Is the Commonwealth Bank of Australia (ASX: CBA) share price a buy?
The major ASX bank's share price has performed better than its peers so far during this crisis.
Since 21 February 2020, the CBA share price is down 17.5%, the National Australia Bank Ltd (ASX: NAB) share price is down 23%, the Australia and New Zealand Banking Group (ASX: ANZ) share price is down 22.5% and the Westpac Banking Corp (ASX: WBC) share price is down 20.5%.
CBA has always been seen as the highest-quality of the big four ASX banks and this reputation seems to be cushioning its fall.
One of the main benefits of CBA is that it isn't as exposed to the problems that businesses are facing with lack of cashflow. Individuals could face cashflow issues too, hopefully Aussie businesses keep people employed and keep paying them with a bit of help from the Australian government.
It's this type of situation that APRA has been planning for with its requirement that major bank CET1 ratios have to be above 10.5% so that they can get through this period but also keep lending.

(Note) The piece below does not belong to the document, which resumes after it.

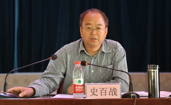 校长史百战作题为《学习贯彻党的十八大精神 强化办学特色实现转型发展》的开班第一讲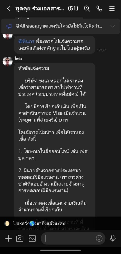 นาย เอ. ผู้เสียหายเล่าว่า ไปรู้จักบริษัทดังกล่าวจากเพจ Facebook ที่มีการโฆษณาว่า สามารถประสานกับนายจ้างที่ประเทศออสเตรเลียในการหาแรงงานไทยไปทำงาน จึงติดต่อไปสอบถาม ทางบริษัทยืนยันว่าเคยพาคนไทยไปทำงานแล้วหลายคน โดยมีค่าดำเนินการหัวละ 59,999 บาท แต่จะต้องทำตามขั้นตอนที่บริษัทกำหนดก่อนคือทำทีว่าเดินทางไปท่องเที่ยวในประเทศเวียดนามก่อน เป็นเวลา 3 วัน 2 คืน เพื่อให้หนังสือเดินทางมีหลักฐานการเดินทาง จะได้ดูน่าเชื่อถือในการขอวีซ่ากับทางสถานทูตออสเตรเลีย เหยื่อที่หลงเชื่อก็ยอมทำตาม ทั้งที่ไม่ได้อยากไปเที่ยวที่ประเทศเวียดนามเลย เพราะอยากไปทำงานที่ประเทศออสเตรเลียมากกว่า จึงทำให้ยิ่งน่าเชื่อถือว่าทางบริษัทดังกล่าวนั้นน่าจะพาพวกตนไปทำงานที่ประเทศออสเตรเลียได้

CBA also doesn't have a potentially large fine hanging over it like Westpac and NAB do, though it's possible something else could pop up.
The coronavirus is causing large volatility on the share market, but house prices keep rising. This is good news for banks like CBA because it reduces the risk of bad debts and it means that the size of each loan for new buyers is still rising.
Foolish takeaway
CBA is trading at 14x FY22's estimated earnings – I think this is how far we need to look ahead to see a normal financial result again. It has a trailing grossed-up dividend yield of 8.4%, though I wouldn't bet the house on this dividend being the same over the next 12 months. Despite the fall, I think there are better value shares during this coronavirus selloff.